The sluggish global trading environment has led to a sharp import compression in major Southeast Asian economies and in South Korea in the first half of 2019. Except for the Philippines, the large Asean economies and South Korea all posted sharp tumbles in external trade, IIF research head for Asean and India Reza Siregar and associate economist Yuanliu Hu said in a June 24 Asean Economic Views report titled, “Import Compression: Unraveling Growth Outlook.”

The report said major traders in the region experienced consecutive months of sharp year-on-year declines in capital imports beginning as early as late 2018.

“Learning from past experiences, the recent fall in imports should, in our view, offset the impact of weak exports on the overall net export balance and support the current account position. However, the multiplier effects of import contraction on investment will likely dampen the GDP growth outlook for countries in the region this year and possibly the next,” the IIF said.

The IIF warned that since import flows were highly linked to investment flows, the sharp reduction in capital and intermediate imports being experienced by Indonesia, Malaysia, Thailand and South Korea signaled a slowdown in foreign direct investment (FDI) flows and therefore weaker investment outlooks for these countries.

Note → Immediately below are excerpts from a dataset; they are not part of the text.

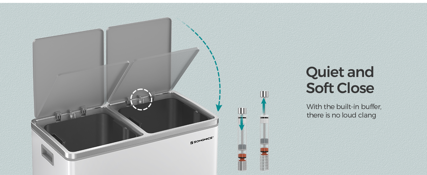 Specificatii tehnice: Brand: SONGMICS Culoare: Alb/gri Capacitate totala: 60 litri (2 x 30L) Material: Otel vopsit electrostatic, capace ABS, galeata interioara din plastic PP Dimensiuni exterioare: 58.6x32x65 cm Dimensiuni galeata interioara: 27x27x58.5 cm Inaltime cu capacul deschis: 94 cm Forma: Dreptunghiulara Deschidere: Pedale Caracteristici speciale: 2 compartimente, inchidere silentioasa, galeata detasabila cu manere Utilizare recomandata: Deseuri si reciclare in bucatarie Scurta descriere: Cosul de gunoi dublu de la SONGMICS ofera o solutie practica si eleganta pentru colectarea separata a deseurilor. Cu un design modern alb/gri si 2 compartimente de cate 30L, permite sortarea usoara a reciclabilelor. Capacele cu inchidere silentioasa si galeata interioara detasabila asigura confort si igiena in orice bucatarie. Caracteristici principale: 2 compartimente de cate 30L pentru reciclare eficienta Capace cu inchidere lenta si silentioasa Sistem de deschidere cu pedale, fara atingere Include 2 galeti interioare cu manere pentru golire usoara Constructie stabila, rezistenta la copii si animale Design modern, potrivit pentru bucatarii elegante Fabricat din otel vopsit electrostatic, usor de curatat Inaltime totala cu capacul deschis: 94 cm
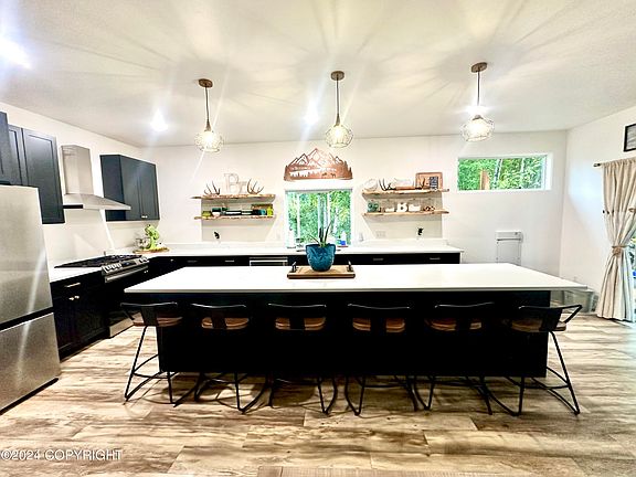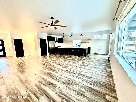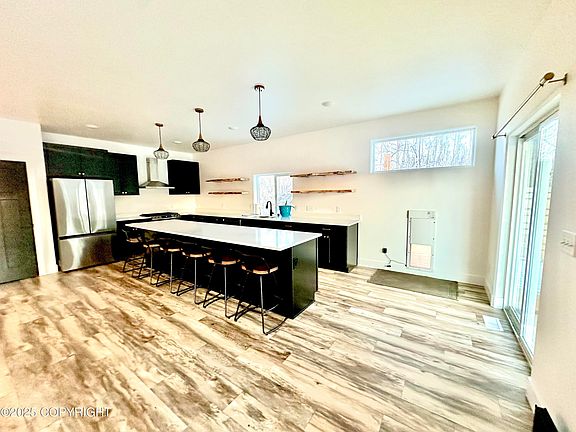 Modern and stylish with upgrades galore! Better than new! Neutral decor with an open concept floor plan, additional square footage, and an oversized quartz island for entertaining! Enjoy the convenience of move-in ready with the luxury of owning a home recently constructed in 2023. Perfect commute location to Wasilla, Palmer, or Anchorage!Centrally located in Wasilla, only 5 minutes to Fern St. and just 7 minutes to the Hwy at Seward Meridian, but outside of city limits where you can enjoy plenty of wildlife frequenting your doorstep. Enhancements include: -Extended length quartz island -Upgraded Luxury wood laminate flooring -Black cabinetry with gold handles -Black painted doors & black fixtures -Recessed lighting -Remote operated fans/lights in each room -Collar operated pet door -Garbage disposal -Water Softener/Osmosis system -Custom Birch shelving installed in kitchen -Stainless Steel modern appliances -Modern decor chandeliers/fixtures/mirrors -Concrete patio & pressure treated wood deck -Wooden fencing with black steel gate -Keyless garage entry -Wash station in the garage -Outdoor hookups for RV/Hot tub -Yard is extra graded & prepped for topsoil No HOA or CCRs Beautiful, clean, & easy to show!
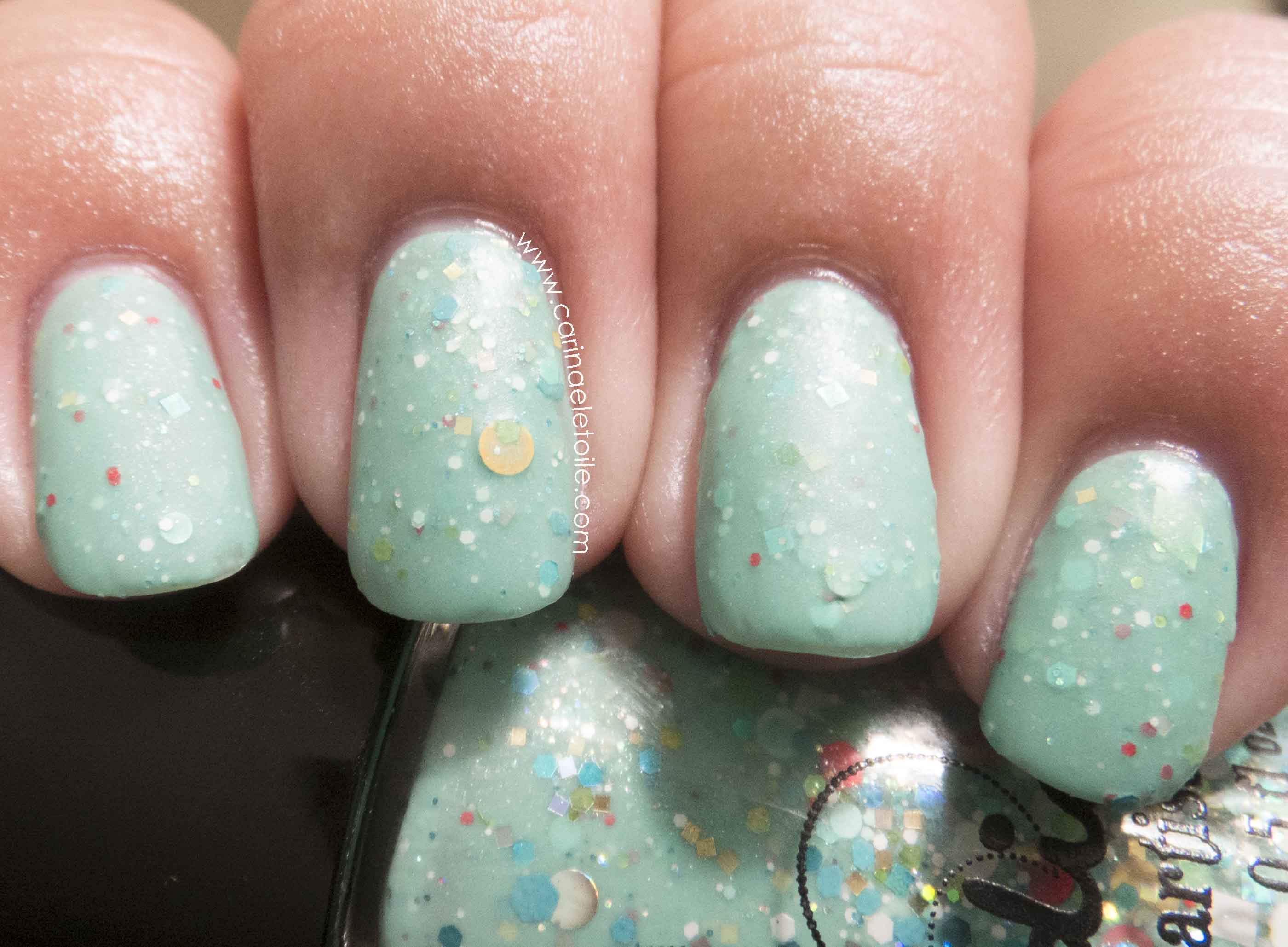 Jindie Nails Freaks At the Fair is a wonderful minty colored green creme base with pastel glitter in various shapes. My favorite glitter in it is the blue. I’m a huge fan of blue and green combinations.
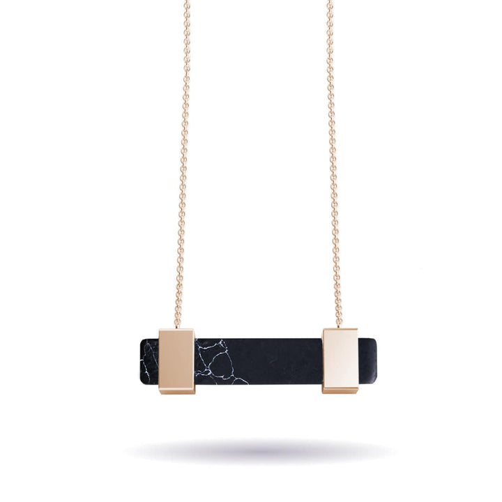 Stone: Black Agate Finish: Rose Gold Chain Length: 18" Base: Stainless Steel The Gemstone Bar Necklaces are crafted from natural gemstones and feature an 18" chain finished in either silver,...
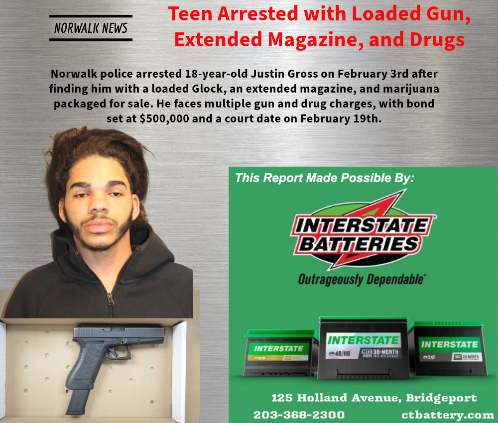Norwalk police arrested 18-year-old Justin Gross on February 3rd after finding him in possession of a loaded Glock with an extended magazine and marijuana packaged for sale. Detectives had a search warrant for Gross as part of an ongoing investigation. When officers spotted him on Connecticut Avenue around 6:00 PM, he attempted to flee by crossing four lanes of traffic but complied when ordered to stop.
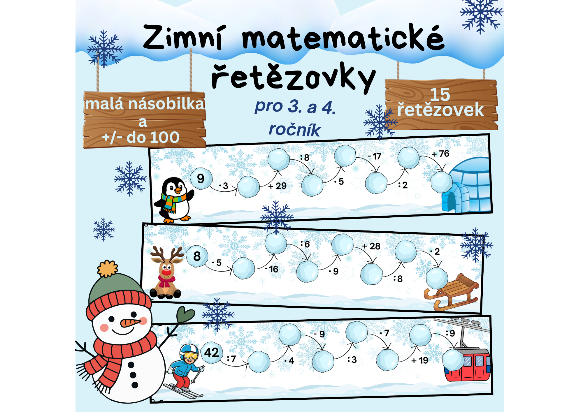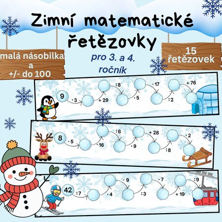 Zimní matematické řetězovky jsou ideální pro ranní rozcvičky, opakování, práci ve skupinách i pro samostatnou práci žáků.

“Except for Malaysia, we find that countries with a high export and import correlation—such as South Korea and Thailand—tend to report a relatively high FDI-capital import correlation. The trade-offs between net exports and investment due to import compression are, in fact, not new. Fallen imports contributed to stronger current account positions, sluggish investments, and slower GDP growth during the 1997 East Asian crisis and the 2008 global financial crisis in South Korea, Malaysia, and Thailand,” according to the IIF.

In the case of the Philippines, which bucked the trend of declining imports, Siregar told the Inquirer in an e-mail that “since imports remained relatively strong, including capital imports, we should expect growth to rebound from its level in the first quarter of 2019.”

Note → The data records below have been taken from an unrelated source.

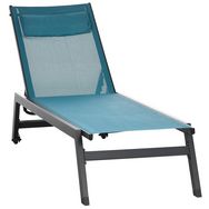 Bain de soleil transat inclinable 5 positions - tétière, 2 roulettes - alu. textilène bleu
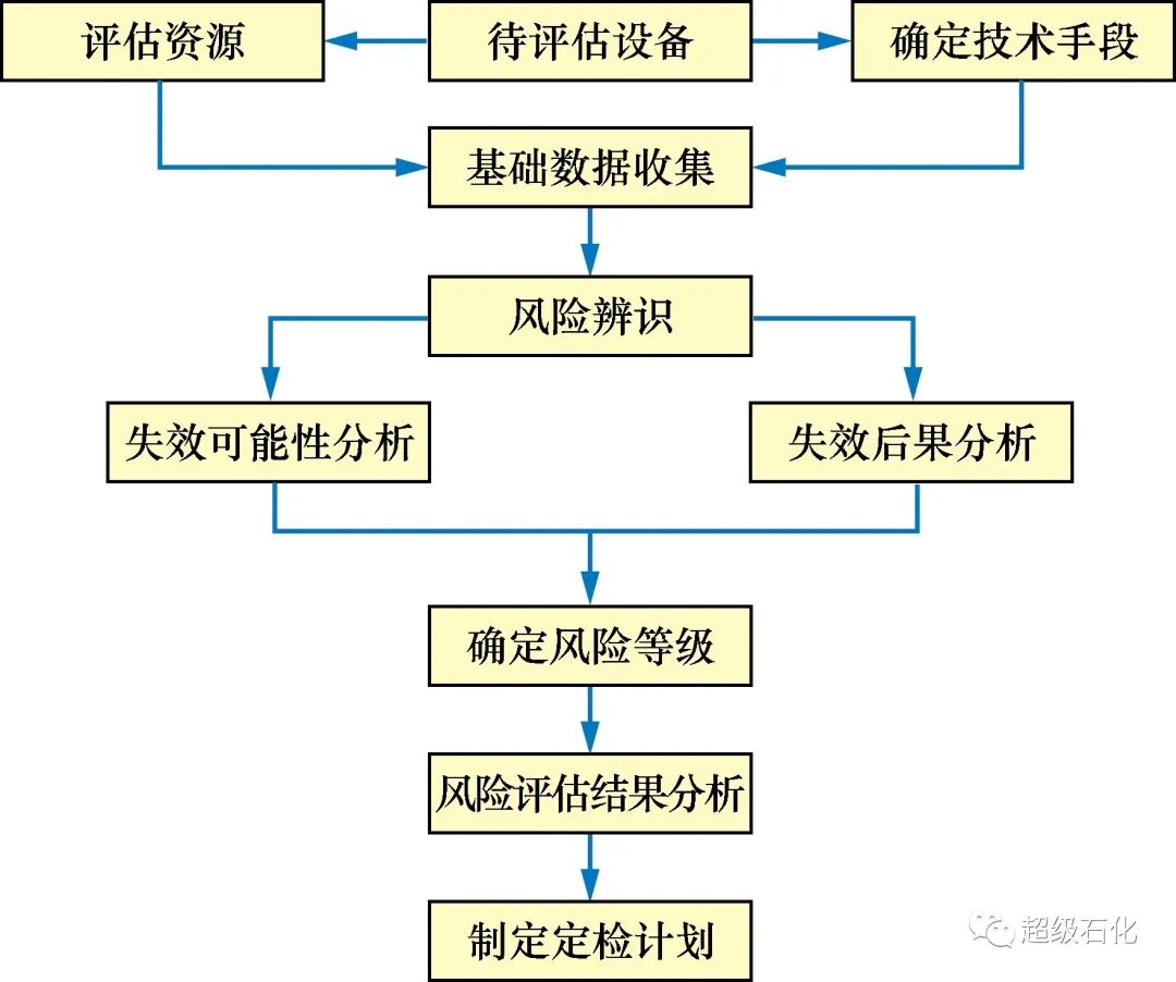 通過采用RBI技術,制定科學合理的定期檢驗計劃,可有效地預防高風險設備的失效[4]。整個RBI技術實施流程如圖1所示。
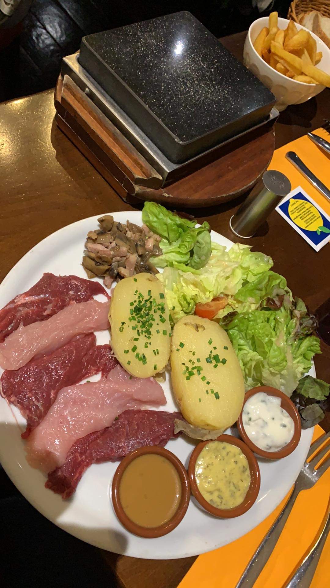 Très bonne ambiance ,resto rempli très vite ,et servis assez rapidement. Personnel très gentil et amical. Perso je n'ai pas trop aimé le fait d'avoir la viande crue avec les frites et la salade , j'aurais préféré que la viande soit à part. Mais c'était très bon!
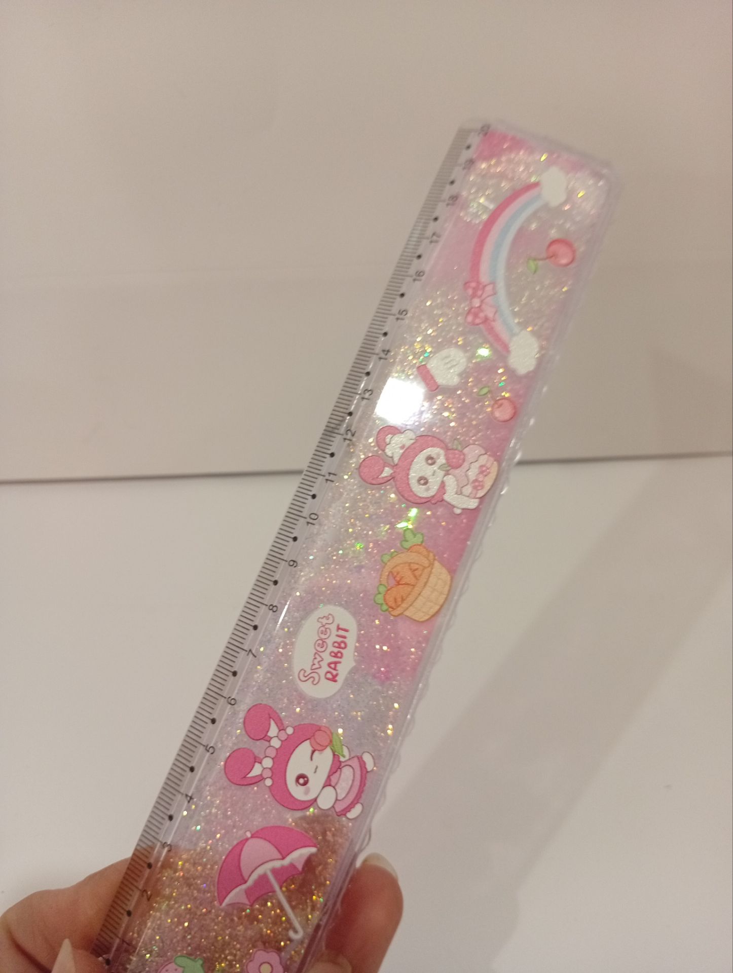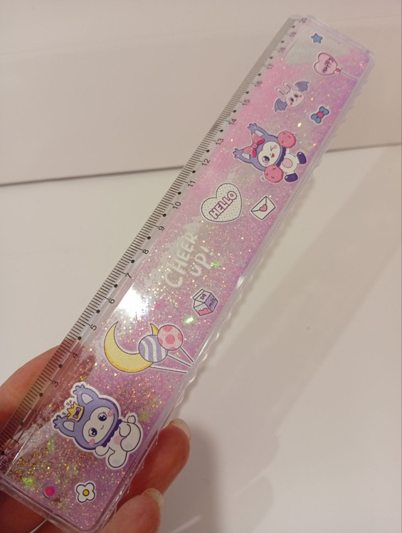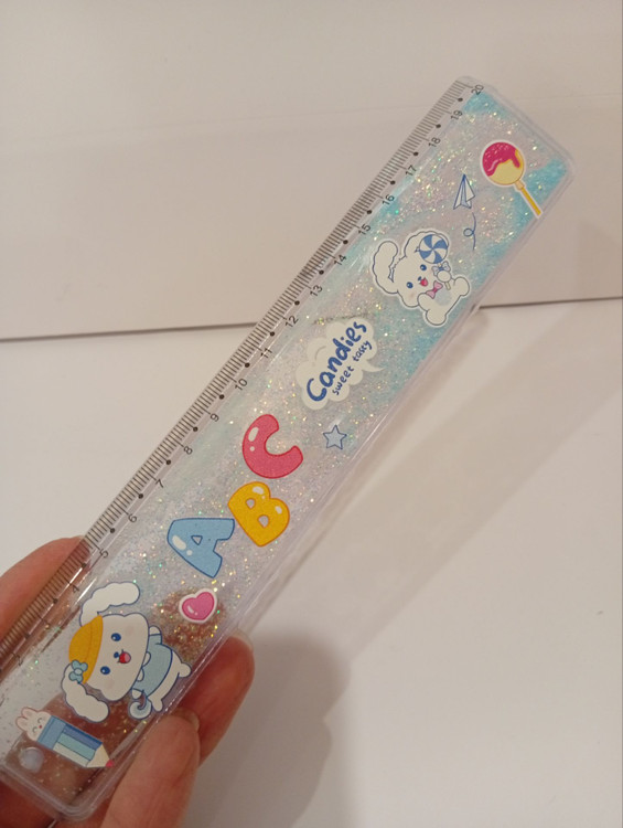 طراحی منحصر به فرد: بدنه شفاف این خطکش حاوی مایعی رنگی و اکلیلهای ریز و درخشان است که با هر حرکت، جلوهای خیرهکننده ایجاد میکنند. این اکلیلها به زیبایی در مایع شناورند و تصویری شبیه به یک آکواریوم کوچک را به نمایش میگذارند.

As of April, the Philippines’ imports rose 2.9 percent year-on-year to $35.2 billion.

But Siregar said the recovery in gross domestic product growth could only happen if it was coupled with “more timely execution of fiscal spending.”

To recall, GDP expansion fell to a four-year low of 5.6 percent in the first quarter, below the government’s downgraded 6-7 percent full-year target range, as the government operated under reenacted 2018 appropriations at the start of the year and underspent about P1 billion a day.

President Duterte signed the P3.7-trillion 2019 national budget only on April 15, or more than four months late, as the two houses of Congress squabbled over pork funds.

At present, the government was implementing a catch-up spending plan to reverse the slower first-quarter GDP growth.

However, Siregar acknowledged the problems also being caused by increasing imports and declining exports.

“Indeed, the challenge facing the Philippines is more on maintaining external imbalance—the current account imbalance,” Siregar said.

This challenge, he said, was amplified by the tighter competition on the financial account side amid the expected weaker global economy.

Attracting FDIs and portfolio investment to finance the current account deficit and keeping surplus balance of payments can be more challenging in the coming quarter, Siregar added.

The current account deficit ballooned to $1.216 billion as of  end-March, equivalent to 1.5 percent of GDP, from only $322 million, or 0.4 percent, of GDP a year ago.

This wider current account gap had been attributed by the government to the also bigger first-quarter trade-in-goods deficit, which at $12.4 billion was 17.3-percent larger than a year ago amid faster growth of imports over exports.

The prevailing current account deficit had been putting pressure on the peso, which weakened to 12-year lows last year.

Economic managers had said that with the Duterte administration’s ambitious “Build, Build, Build” infrastructure program in full swing, demand for imports of mostly capital goods would remain strong the near term.